(Stored dataset items)
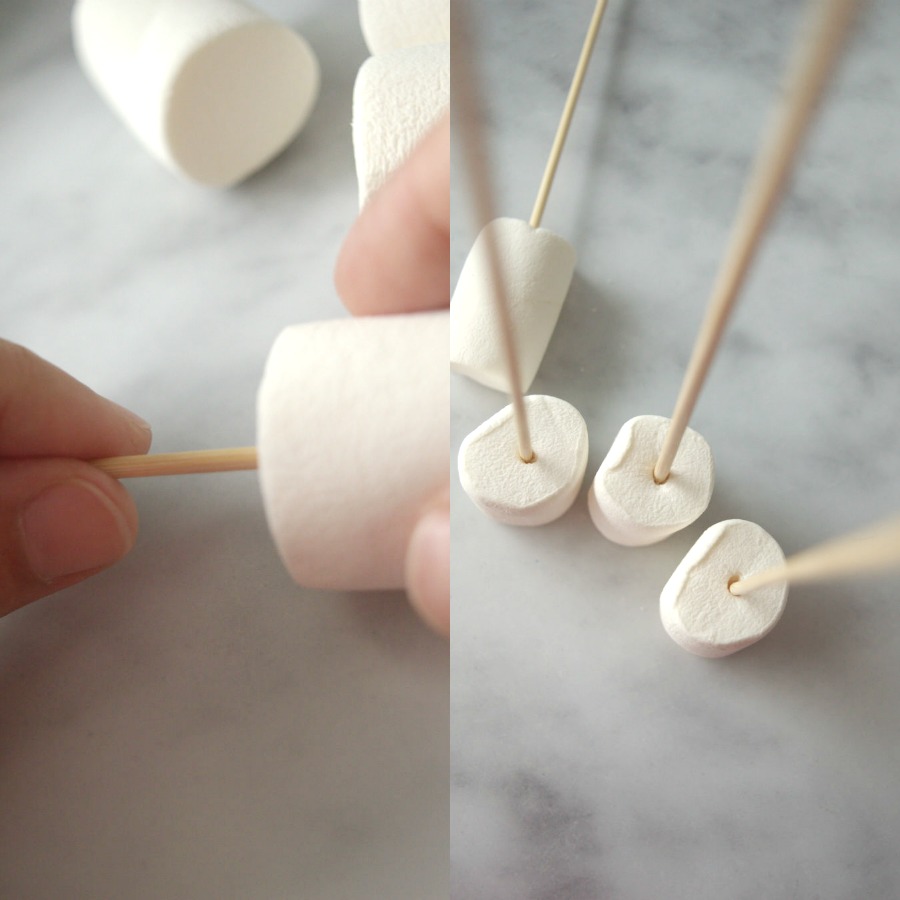 Pinchamos las brochetas en el centro de las nubes. Reservamos.
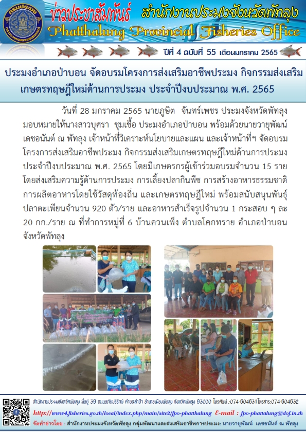 ประมงอำเภอป่าบอน จัดอบรมเกษตรกรที่เข้าร่วมโครงการส่งเสริมอาชีพการประมง กิจกรรมส่งเสริมเกษตรทฤษฎีใหม่ ประจำปีงบประมาณ พ.ศ.2565..คลิก
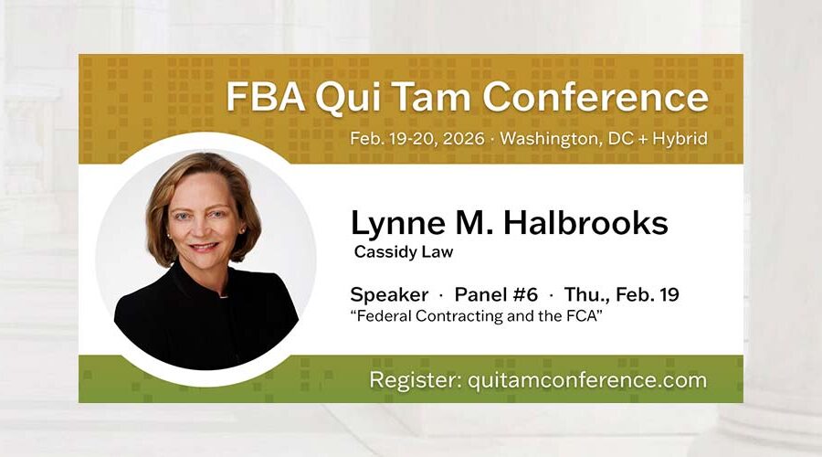 Our own Lynne Halbrooks will be speaking on a panel that will discuss the False Claims Act and federal government contracting.
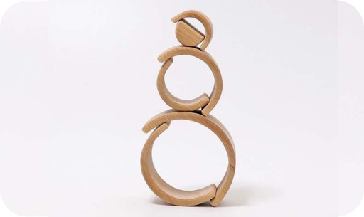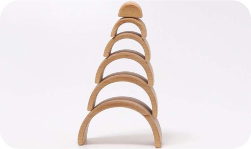 Drewniane łuki Grimm's w naturalnym kolorze drewna kryją w sobie znacznie więcej możliwości niż mogłoby wydawać się na pierwszy rzut oka. Dziecko może ustawiać je na wiele sposobów. Przy odrobinie cierpliwości i koncentracji da się z nich wyczarować fantazyjne wieże, konstrukcje wyglądające jak nowoczesne rzeźby a także tak zwyczajne rzeczy jak tunel dla aut, mostki czy ogrodzenie. Łuki mogą stać się także kołyską lub huśtawką dla laleczek Grimm's. Tak naprawdę to co powstanie z łuków Grimm's zależy wyłącznie od kreatywności dziecka.
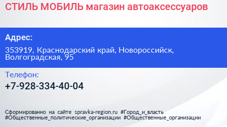 СТИЛЬ-МОБИЛЬ, магазин автоаксессуаров по адресу 353919, Краснодарский край, Новороссийск, Волгоградская, 95 в дальнейшем Организация, размещена в следующих категориях:
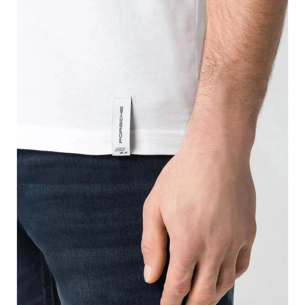 Ein Stück Porsche Historie – für den Alltag: das lässige Halbarm-T-Shirt mit RS 2.7 Flockdruck auf der Brust ist wie dafür gemacht, seine historische Porsche Liebe zum Ausdruck zu bringen.
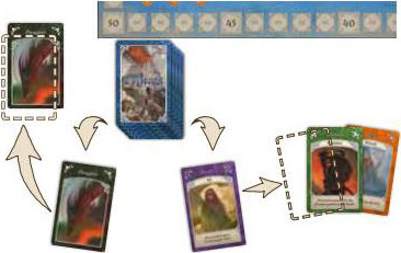 The first two Dragon cards have no effect on play, but when the third Dragon is drawn, the Age immediately comes to an end! Keep the third Dragon card next to the player who drew it, in order to help determine the next Age's First Player in case of a tie for least Glory.
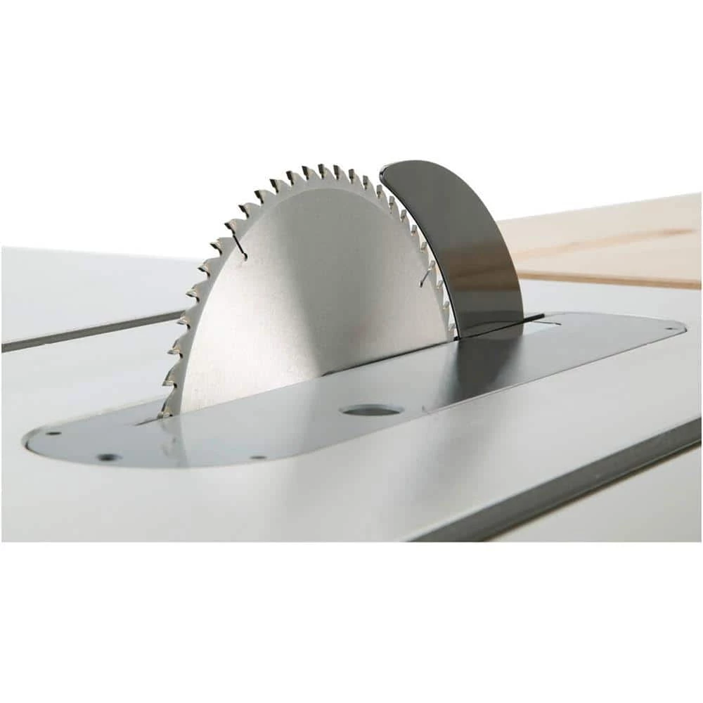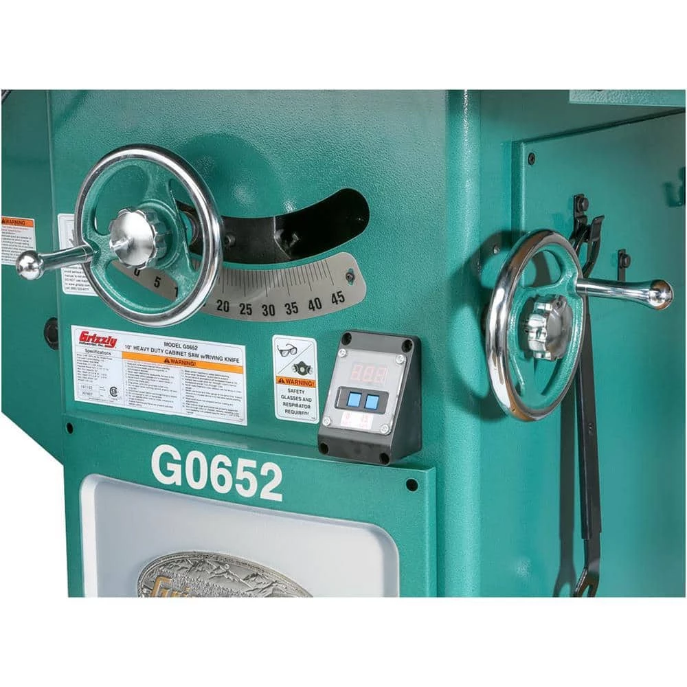 Cut panels and wide stock all day long with this 10 in. Heavy-Duty Cabinet Table Saw. A 52 in. rip capacity and extended side and rear tables will support a full sheet of plywood, making ripping and cross cutting operations safe and simple. A guard with splitter or interchangeable riving knife helps prevent binding and kickback, and a rail mounted magnetic switch with thermal overload protection provides additional safety features. Bevel cutting is also safe and precise with the left tilting blade and digital angle display. Includes a miter gauge and 10 in. blade. CSA certified meeting CSA C22.2 #71.2-08 and UL 987 standards.

Problem to work on — Each line above that falls between the line with "กิจกรรมส่งเสริมเกษตรทฤษฎีใหม่ ประจำปีงบประมาณ พ.ศ.2565..คลิก" and the line with "Our own Lynne" should be printed exactly, together with those two lines, but the pictures should not.

Solution for this problem —
 ประมงอำเภอป่าบอน จัดอบรมเกษตรกรที่เข้าร่วมโครงการส่งเสริมอาชีพการประมง กิจกรรมส่งเสริมเกษตรทฤษฎีใหม่ ประจำปีงบประมาณ พ.ศ.2565..คลิก
 Our own Lynne Halbrooks will be speaking on a panel that will discuss the False Claims Act and federal government contracting.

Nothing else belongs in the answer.